Femminismo e neoliberismo: fenomenologia della speranza
Cuter traccia un’attenta fenomenologia dell’alleanza tra (certo) femminismo e neoliberismo. Alla nuova alleanza corrisponde una precisa porzione dell’attuale metamorfosi del lavoro: la femminilizzazione. L’album di famiglia raccoglie soggettività e situazioni tra loro apparentemente disparate, come fa notare nell’introduzione quando nel quadro firmato «Come gli uomini, meglio degli uomini» rientrerebbero insieme «Margaret Thatcher, donna-non donna, completamente desessualizzata, e Ambra [Angiolini], pura femminilità, oggetto sessuale infantilizzato» (p. 15). La convivenza tra il femminismo liberal e il neoliberismo viene letta, in questa metamorfosi, come prodotto della «speranza cioè che essere necessari a questo sistema produttivo implicasse inevitabilmente un’acquisizione di diritti» (pp. 67-68). Nella forma della riproduzione della forza lavoro, nel lavoro stesso, nel consumo.
Seppure tentata dal definire questo processo nei termini operaisti del divenire-fabbrica della società, l’autrice ritrova piuttosto una «domesticazione della produzione» (p. 75), una delle cui concrezioni sarebbe l’«home office» che oggi, in piena pandemia, ritroviamo diffuso nella forma dello smart-working. Se dopo trent’anni di neoliberismo non fosse chiaro, l’attuale situazione ci mostra nella maniera più evidente come quella speranza alla base del femminismo liberal sia una forma di mistificazione della transizione post-fordista. Anziché migliorare le condizioni della «donna», non si fa che estendere, per tutt*, forme di «lavoro invisibile, non retribuito e privo di tutele ma necessario almeno quanto lo è sempre stato il lavoro riproduttivo delle donne» (p. 79). Eliminare dal proprio orizzonte d’analisi — operazione molto cara al liberalismo, carissima al neoliberismo — il riferimento ai rapporti sociali, a favore di un pensiero normativo delle e sulle relazioni sociali, ha prodotto un femminismo che «punta alla meritocrazia, non all’emancipazione». E dove manca una critica materialista del presente, a guadagnarci è sempre la metafisica, che riafferma «il valore naturale, intrinseco ed essenziale della femminilità, fa il gioco del capitale», nascondendo dall’ordine del discorso «la violenza e il darwinismo sociale connaturati all’idea di meritocrazia e competizione da cui è costituito il capitalismo» (p. 94). O meglio, sottolinea Cuter, se il darwinismo sociale è il grande assente, la violenza subisce una sublimazione ontologica, trasformando il femminismo da prassi di liberazione e trasformazione dell’esistente ad una riedizione del sempiterno manicheismo del pensiero automatico.
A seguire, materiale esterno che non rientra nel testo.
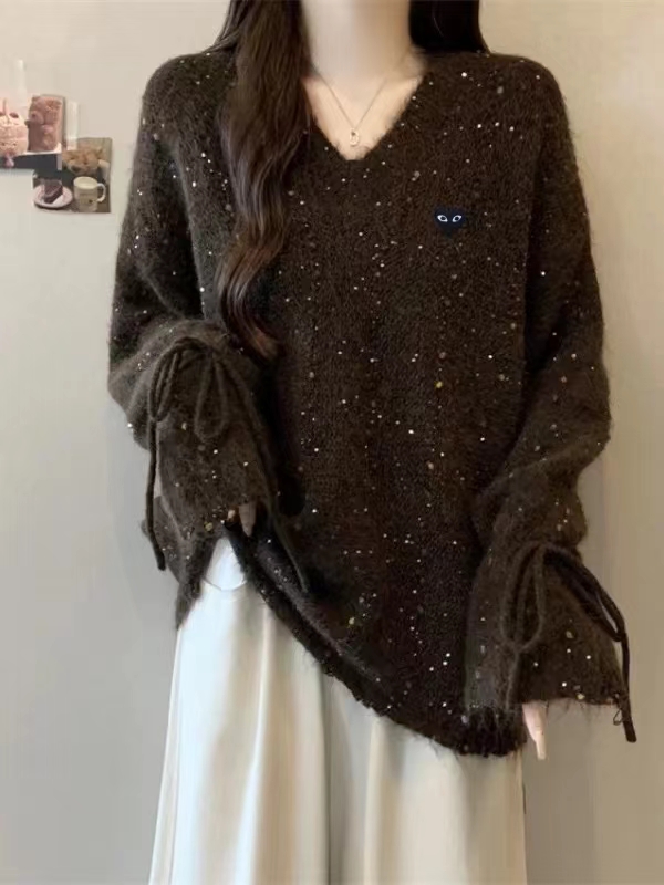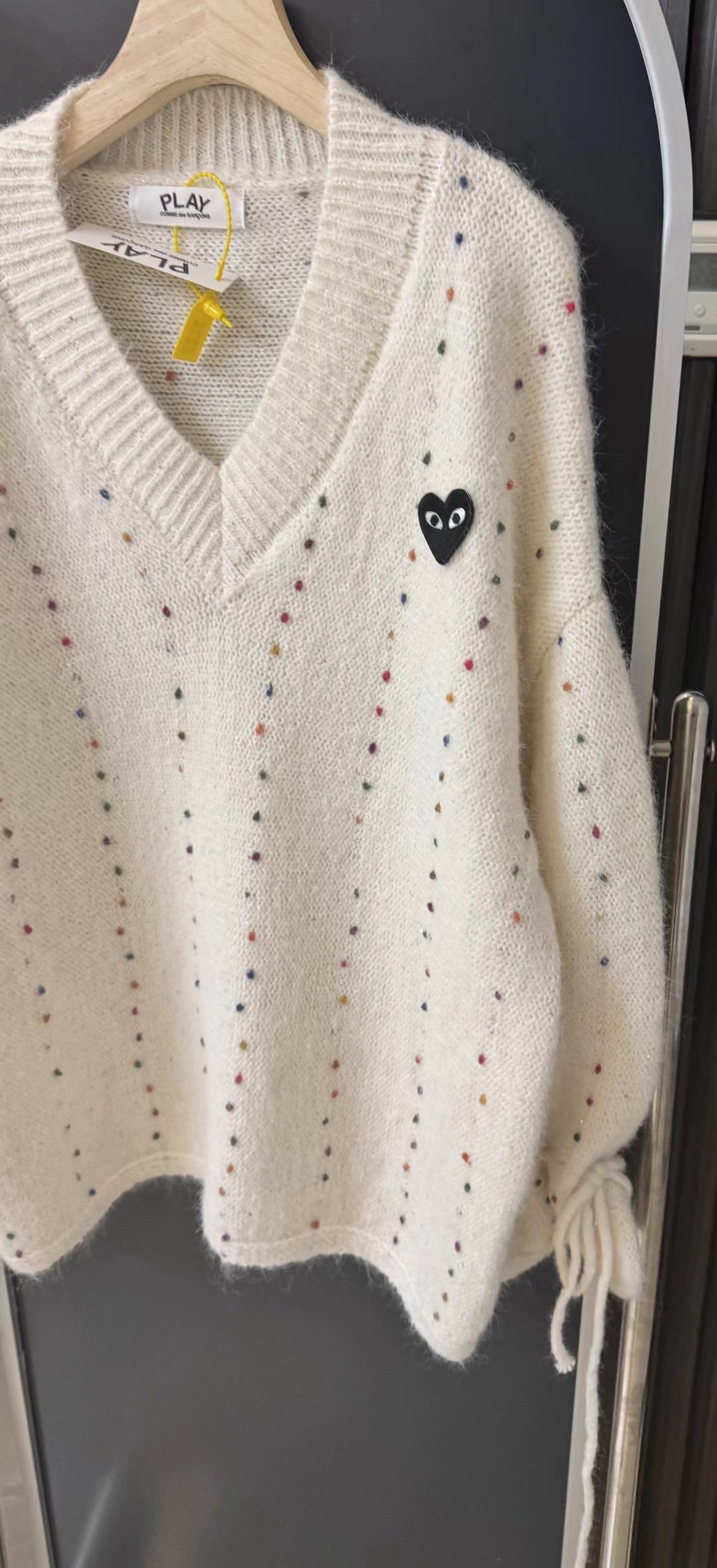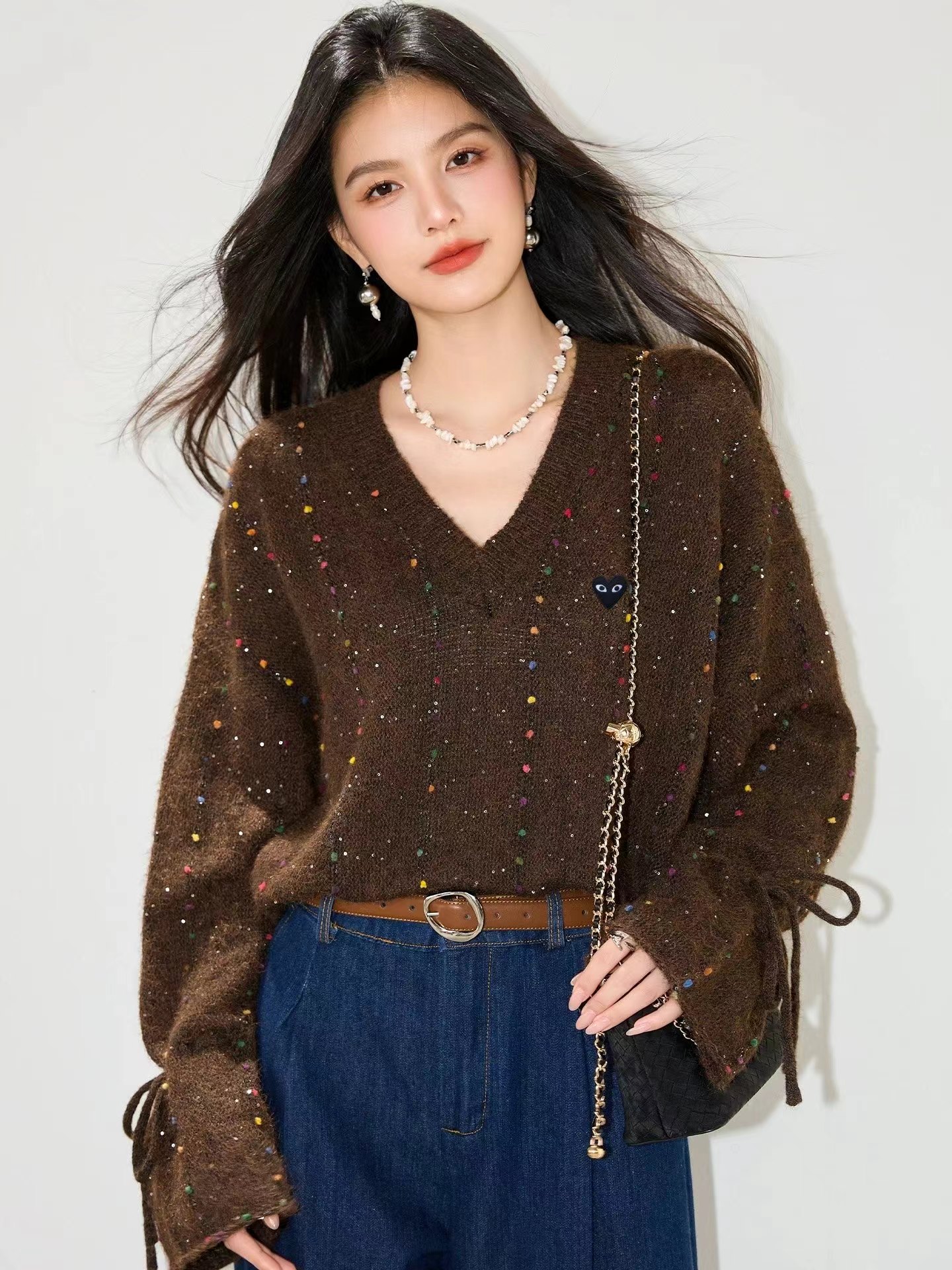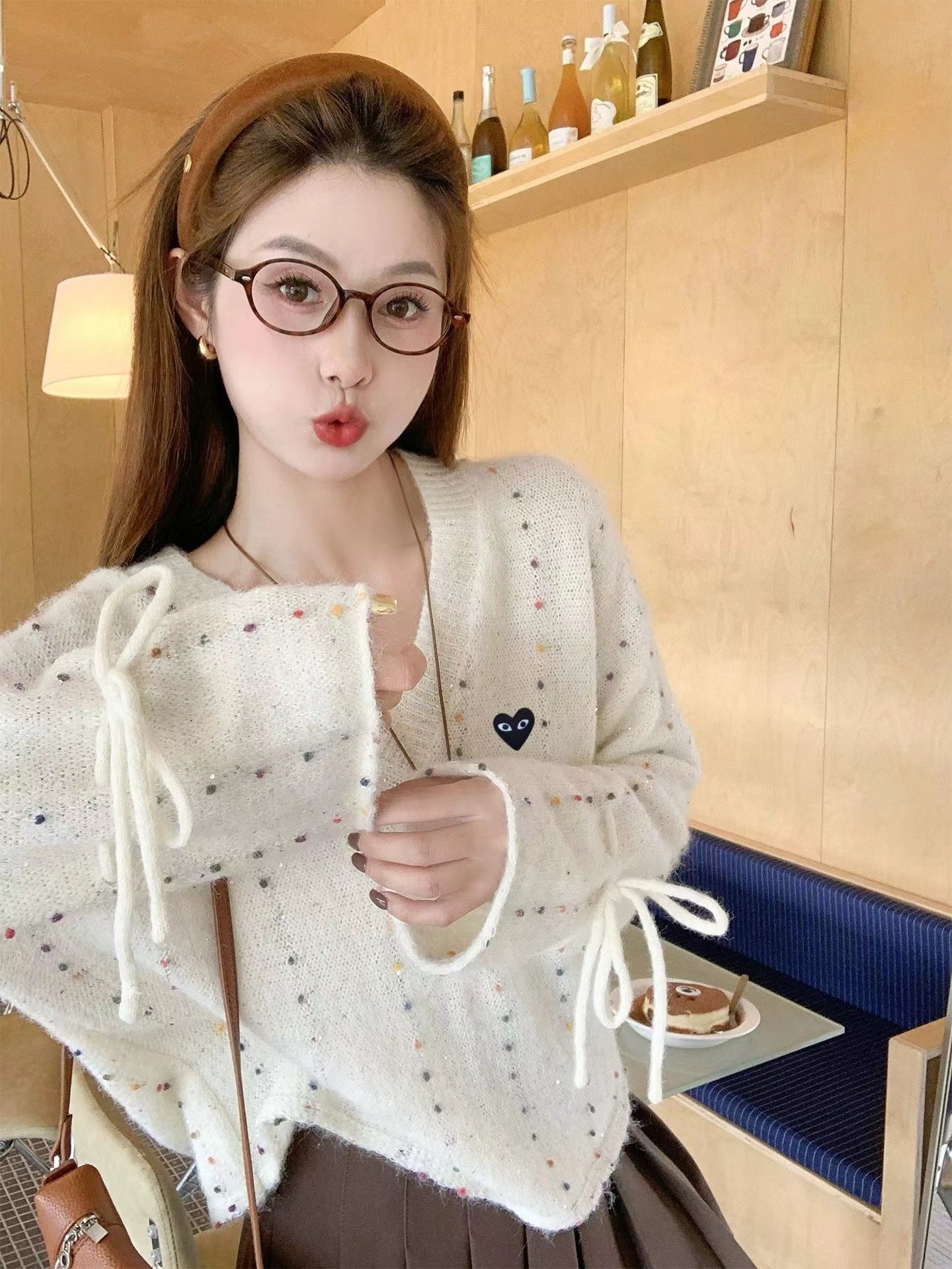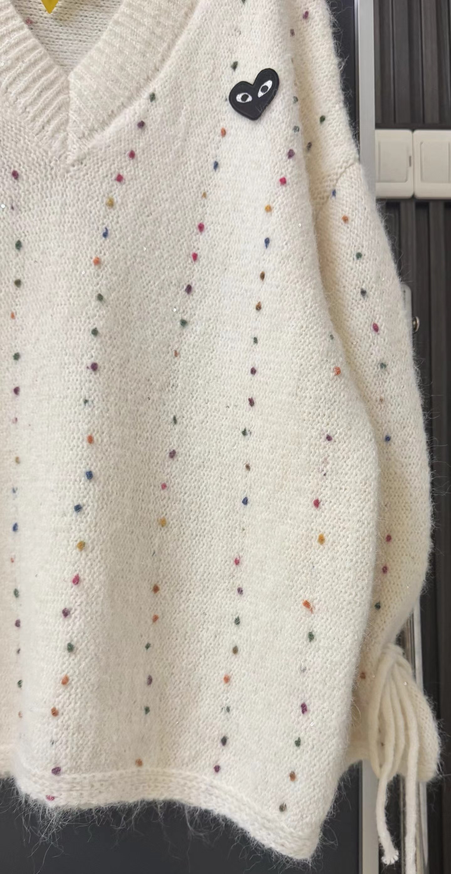 V领亮丝针织开衫这款毛衣是一件设计感十足的白色V领针织衫,充满甜美元素采用针织面料,质地轻柔且带有一定的透气性,衣身点缀着彩色波点,还融入了亮片元素,在光线照射下闪烁微光,工艺细腻jing致。- 款式细节:V领设计,能修饰颈部线条,增添优雅感;袖口为喇叭袖造型,且带有系带设计,可根据喜好调节,复古又俏皮;胸前有的黑色爱心图案(带眼睛设计),赋予了毛衣时尚辨识度。- 穿搭风格:整体风格偏向甜美可爱,可搭配白色裤子打造清新简约风,也可搭配裙装展现温柔气质,是一款兼具时尚感与少女感的单品。

Entra a questo livello l’esigenza di una fenomenologia del femminismo liberal, le cui figure (la vittima, la puritana, la Madre) attentamente analizzate sono diverse espressioni dell’oggettivazione del femminile all’interno di un discorso pubblico che appare molto, troppo simile alla dialettica hegeliana Servo-Padrone. Con la sola differenza che, in questo caso, servo e padrone, soggetto e oggetto, vengono sostanzializzati e, dunque, non possono essere interscambiabili. Il Padrone resta Padrone, uguale a se stesso; il Servo, la serva, rimane tale, anch’essa uguale a se stessa. La campagna del #metoo, ad esempio, oltre ad aver messo al centro del discorso generale (e generalista) la quotidiana situazione di violenza vissuta dalle donne e dai soggetti non-eteronormati, ha finito con l’ipostatizzare la condizione di vittima. Che invece è il prodotto storicamente determinato di ben definiti rapporti di forza (sociali, economici, culturali). Innescando un processo di definizione della donna come vittima per natura: «[s]ei una vittima, ergo senza macchia e senza peccato» (p. 104). In altre parole, nel meccanismo foucaultiano della confessione, a emergere è anche un’incapacità di prendere le distanze dalla violenza subita, e forse, partendo dai media e dal loro interesse per la questione delle molestie, possiamo arrivare a capire quale sia l’investimento individuale in questo tipo di narrazione, a cominciare da quello delle vittime (pp. 108-109).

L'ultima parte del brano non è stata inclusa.